╔══
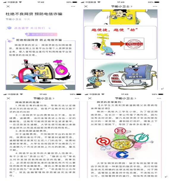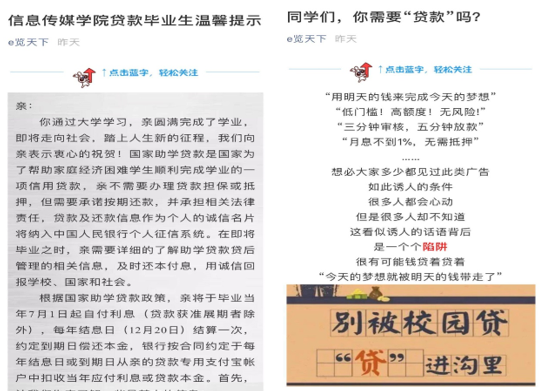 为了让贷款毕业生遵守承诺,按时还款,而且在日常生活中时时处处弘扬诚实守信的道德准则,把良好的学风、校风带到工作中去,努力提高思想道德素质,促进自身全面健康发展。各院部利用钉钉、微信群、公众号等新媒体平台,积极组织2020届贷款毕业生进行线上诚信教育班会,按照要求做好国家助学贷款毕业生资料确认,告知毕业生还款相关流程。毕业班辅导员结合学生生活、就业等实际情况,通过诚信教育班会,告知贷款学生还款知识、逾期违约后果等,使诚信理念深入学生内心,毕业后自觉履行还款义务。同时建立健全了贷款毕业生沟通机制。通过电话、微信群、QQ群、钉钉群等多种方式与贷款毕业生建立良好的沟通渠道。
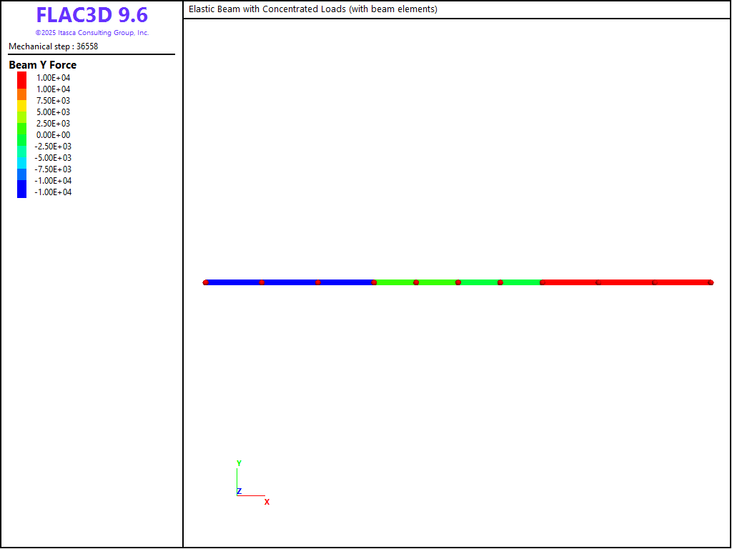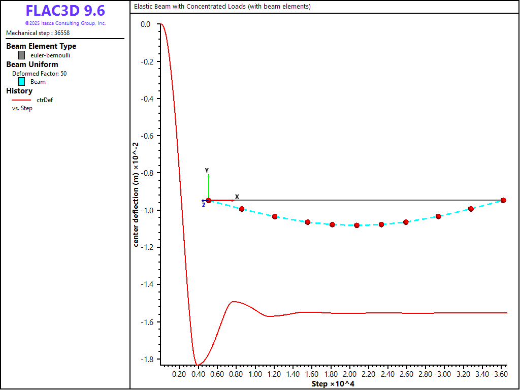 The FLAC3D model consists of 10 beam elements and 11 nodes, as shown in Figure 2. The beam is created by issuing three separate structure beam create by-line commands to ensure that nodes will lie exactly at the beam third points. Also, four elements are created in the middle third to ensure that a node will lie at the exact beam center, so that the displacement of this node can be compared with \(\Delta_{\rm max}\). The beam element coordinate system is aligned with the global coordinate system by setting the direction-y property equal to \((0,1,0)\). Simple supports are specified at the beam ends by restricting translation in the \(y\)-direction. Two point loads acting in the negative \(y\)-direction are applied at the beam third points. The \(y\)-displacement at the plate center is monitored as a history. Local nonviscous damping is used with a damping factor of 0.8. The model is run in small-strain mode to correspond with the small-strain assumption of the analytical solution. The model is cycled until a convergence limit of \(1 \times 10^{-3}\) is achieved.
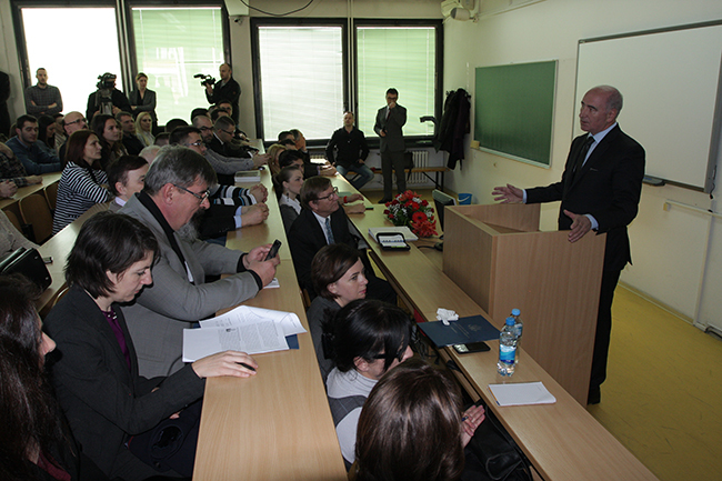Декан Економског факултета проф. др Новак Кондић је захвалио амбасадору САД на спремности да са студентима и наставницима разговара на наведене теме, чим је како је истакао, настављена добра и корисна пракса предавања и разговора са амбасадорима свих земаља акредитованим у БиХ, као и великог броја међународних експерата из области економије.
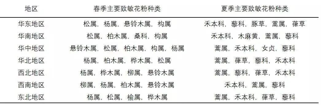 表1 中国主要致敏花粉种类(表格来源于《花粉过敏的研究进展》)
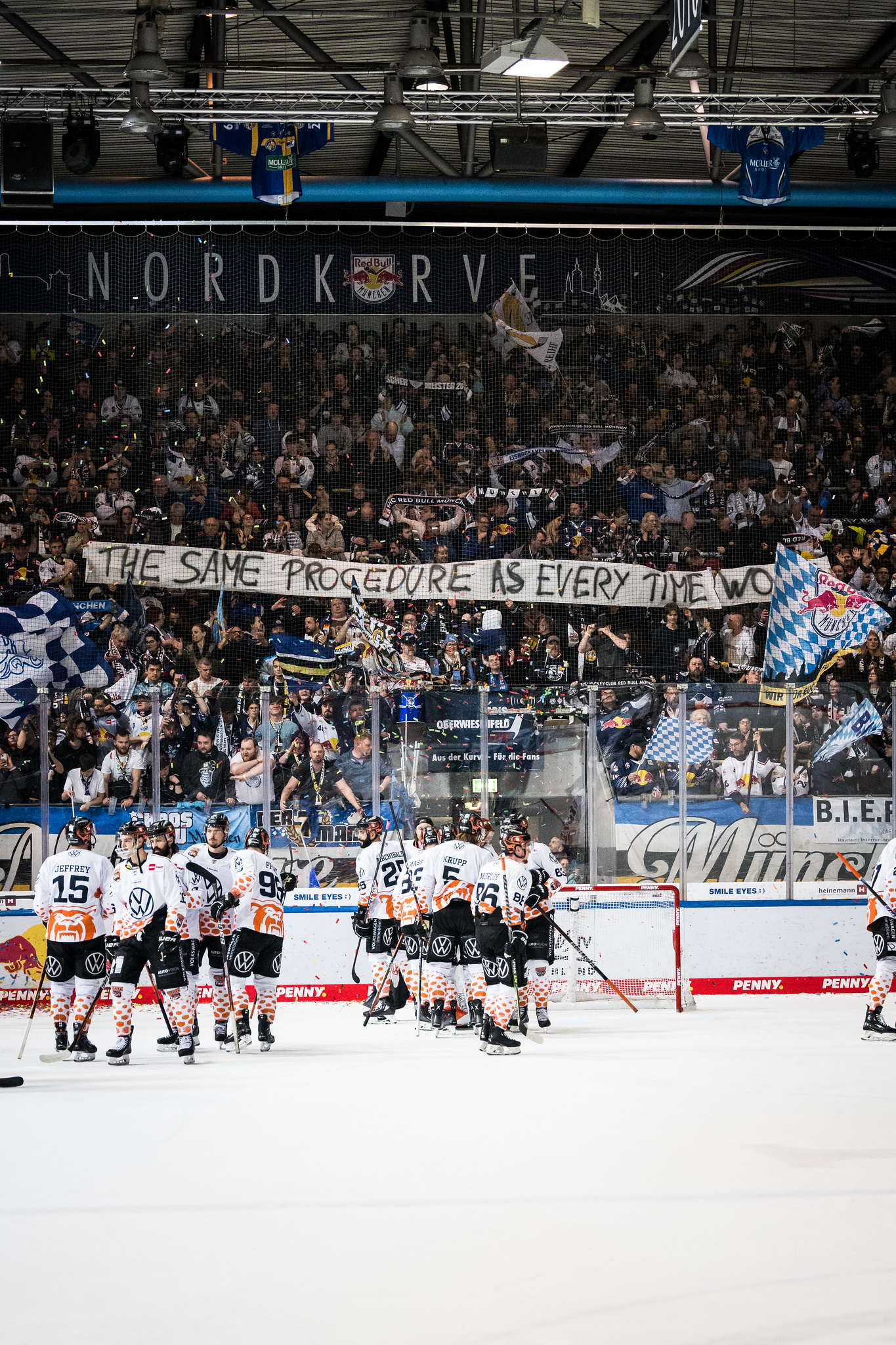 Unter dem frenetischen Jubel der Fans am Oberwiesenfeld machten die Hausherren im zweiten Drittel alles klar und standen bereits nach der Hälfte der Partie mit einem Bein im DEL-Finale 2022/2023. Die Niedersachsen konnten zwar einen guten Start hinlegen, doch dann folgten drei Powerplaytore der Red Bulls von Chris DeSousa, Trevor Parkes und Patrick Hager, nachdem Jordan Murray eine 5 Minuten + Spieldauer Disziplinarstrafe erhalten hatte.
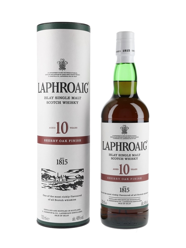 A bottle of Laphroaig 10 Year Old Sherry Oak Finish Single Islay Malt Scotch Whisky. This expression was bottled at 48% ABV in 2021.
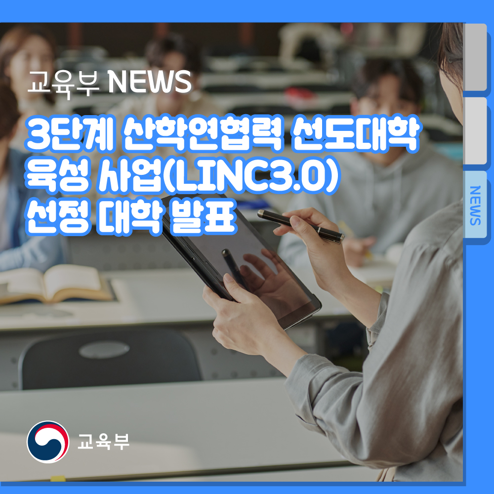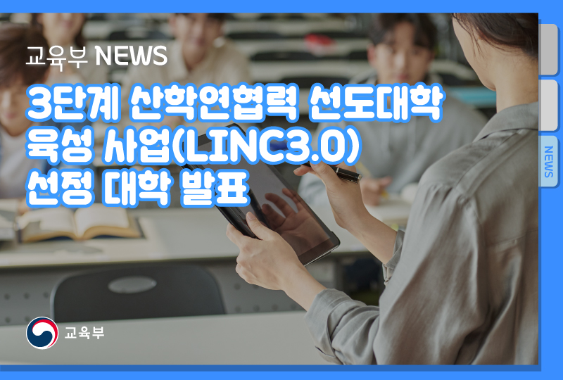 교육부(부총리 겸 교육부장관 유은혜)와 한국연구재단(이사장 이광복)은 4월 28일(목) 3단계 산학연협력 선도대학 육성사업(이하 일반대 링크 3.0) 선정 대학을 발표한다.
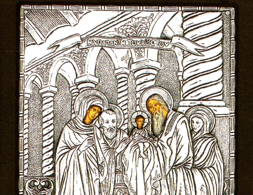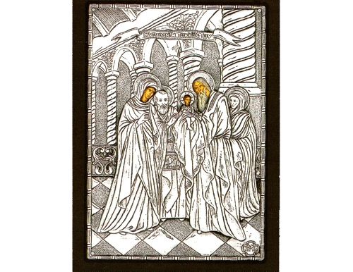 An exquisite silver Greek Orthodox icon of the Presentation of Jesus Christ to the Temple.
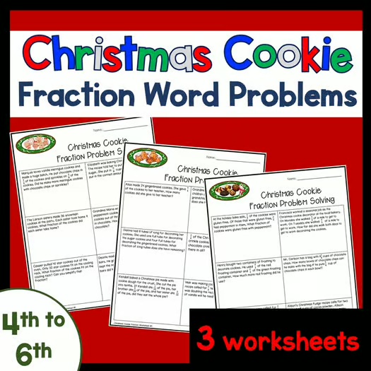 Being comfortable working through word problems is crucial for all students, and this christmas cookie-themed fractions activity is a great way to help your classroom practice!
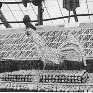 Gravenstein Apple Show display of a rooster made of sliced apples standing on a platform of whole apples sponsored by the Cunnigham District, about 1910
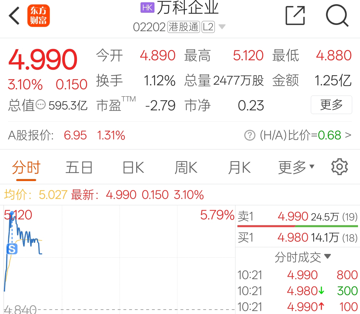 $万科企业(HK|02202)$ 跟随主力高抛低吸,今天5.1算高点了吧,减
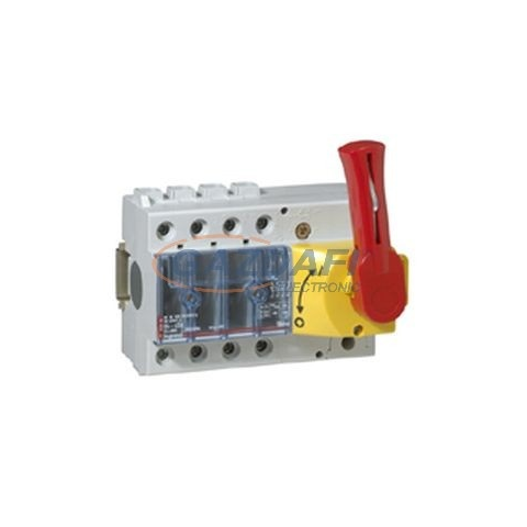 1 kép LEGRAND 022312 Vistop 63A 3P mellső, piros kar/sárga fedlap, terhelésszakaszoló kapcsoló sínre
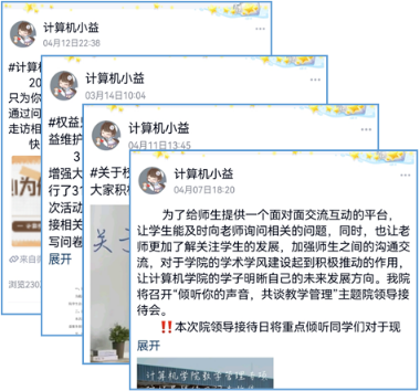 聆听同学诉求,沟通零距离。将免费看a片 权益服务平台“计算机计小益”,打造为全院学生诉求“收集站”,目前平台总关注人数达1384人,累计发送消息1307条,总浏览量达72831次。针对免费看a片 教育教学热点问题,开展院领导接待日,覆盖两校区,开展6次,研讨学风建设、教学建议。
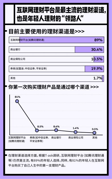 调研发现,互联网理财平台是年轻人最主流的理财渠道。有89%的年轻人选择了腾讯理财通等互联网理财平台,同时有81%的年轻人在互联网平台购买了自己人生中的第一支理财产品。互联网理财的低门槛、智能化服务、产品矩阵优势,以及与日常生活场景的结合,形成理财意识启蒙的天然场景,成为年轻人理财最直接的渠道。
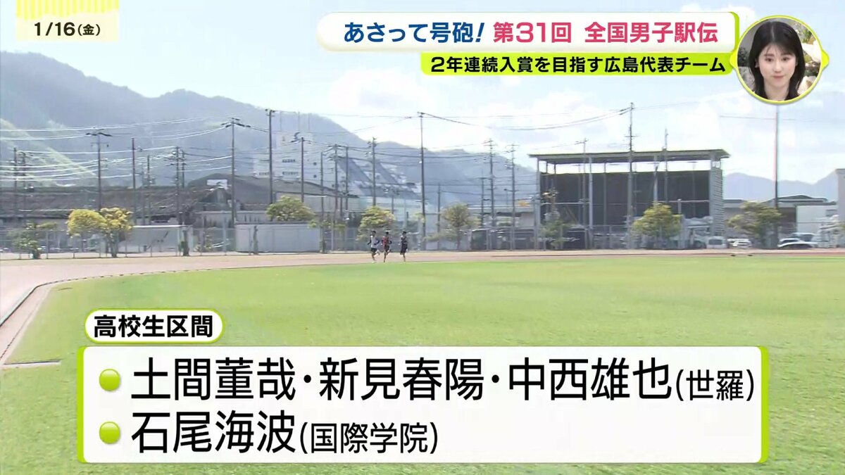 高校生区間では全国高校駅伝22年連続出場の世羅高校から3人、去年、全国高校駅伝に11年ぶりに出場した広島国際学院高校から1人を登録しました。
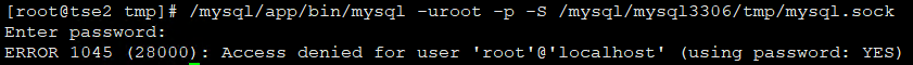 [root@tse2 bin]# mysqld_safe --deaults-file=/etc/my.cnf & [2] 6720 [root@tse2 bin]# 2020-01-16T02:55:45.223195Z mysqld_safe Logging to '/mysql/mysql3306/logs/error.log'. 2020-01-16T02:55:45.262302Z mysqld_safe A mysqld process already exists [2]+ Exit 1 mysqld_safe --deaults-file=/etc/my.cnf [root@tse2 bin]# mysql ERROR 1045 (28000): Access denied for user 'root'@'localhost' (using password: NO)
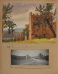 demi-chagrin noir à coins, dos à 4 nerfs, titre doré. 60 + 54 f. de carton montés sur onglets, offrant le texte manuscrit accompagné de 640 illustrations ; parmi celles-ci se trouvent 39 aquarelles originales, la plupart à pleine page, le reste étant constitué de photographies originales, de quelques dessins au crayon et de quelques cartes postales. En outre, une grande aquarelle forme un frontispice au volume 2 ; et le volume 1 est précédé d'une carte manuscrite de l'itinéraire suivi.
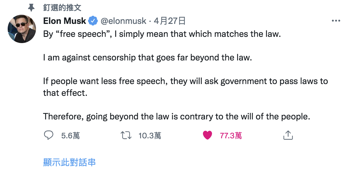 ▲ Elon Musk 透过发文谈论「言论自由」。
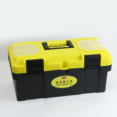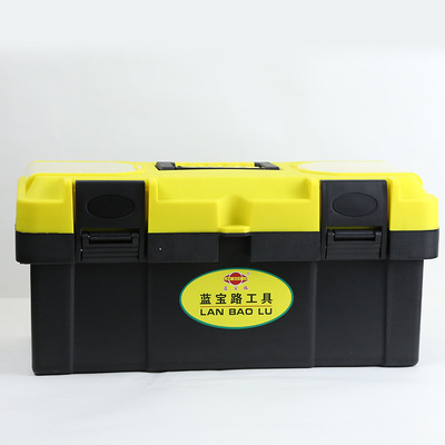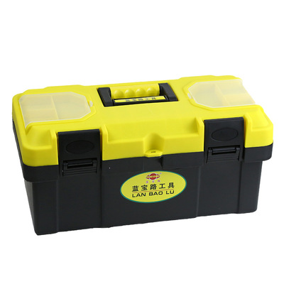 货源类别是否进口:否|品牌:蓝宝路|型号:塑料工具箱|类型:工具箱|承重:50kg|加工定制:是|主要用途:放置工具物品|板材:塑料|表面材质:塑料|内衬材质:优质塑料|框架材料:全塑|产地:山东临沂|大号尺寸:440*240*200**长*宽*高(mm)|小号尺寸:360*190*180**长*宽*高(mm)|中号尺寸:400*210*18000长*宽*高(mm)|材质:ABS|款式:多功能手提|容量:双层|颜色:黄色|载重:10kg|重量:2kg|规格:14寸塑料工具箱 一件12个 按件下单,17寸塑料工具箱一件9个,19寸塑料工具箱一件9个,23寸塑料工具箱1件4个。
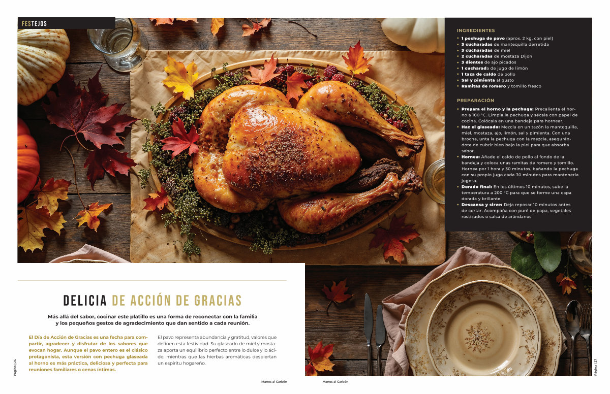 Prepara el horno y la pechuga: Precalienta el horno a 180 ° C. Limpia la pechuga y sécala con papel de cocina. Colócala en una bandeja para hornear. Haz el glaseado: Mezcla en un tazón la mantequilla, miel, mostaza, ajo, limón, sal y pimienta. Con una brocha, unta la pechuga con la mezcla, asegurándote de cubrir bien bajo la piel para que absorba sabor. Hornea: Añade el caldo de pollo al fondo de la bandeja y coloca unas ramitas de romero y tomillo. Hornea por 1 hora y 30 minutos, bañando la pechuga con su propio jugo cada 30 minutos para mantenerla jugosa. Dorado final: En los últimos 10 minutos, sube la temperatura a 200 ° C para que se forme una capa dorada y brillante. Descansa y sirve: Deja reposar 10 minutos antes de cortar. Acompaña con puré de papa, vegetales rostizados o salsa de arándanos.
╚══
Prompt - Your answer must be everything above from the line with "调研发现,互联网理财平台是年" down to the line with "高校生区間では全国高校駅伝2", word for word, and no pictures.

Answer to the problem -
 调研发现,互联网理财平台是年轻人最主流的理财渠道。有89%的年轻人选择了腾讯理财通等互联网理财平台,同时有81%的年轻人在互联网平台购买了自己人生中的第一支理财产品。互联网理财的低门槛、智能化服务、产品矩阵优势,以及与日常生活场景的结合,形成理财意识启蒙的天然场景,成为年轻人理财最直接的渠道。
 高校生区間では全国高校駅伝22年連続出場の世羅高校から3人、去年、全国高校駅伝に11年ぶりに出場した広島国際学院高校から1人を登録しました。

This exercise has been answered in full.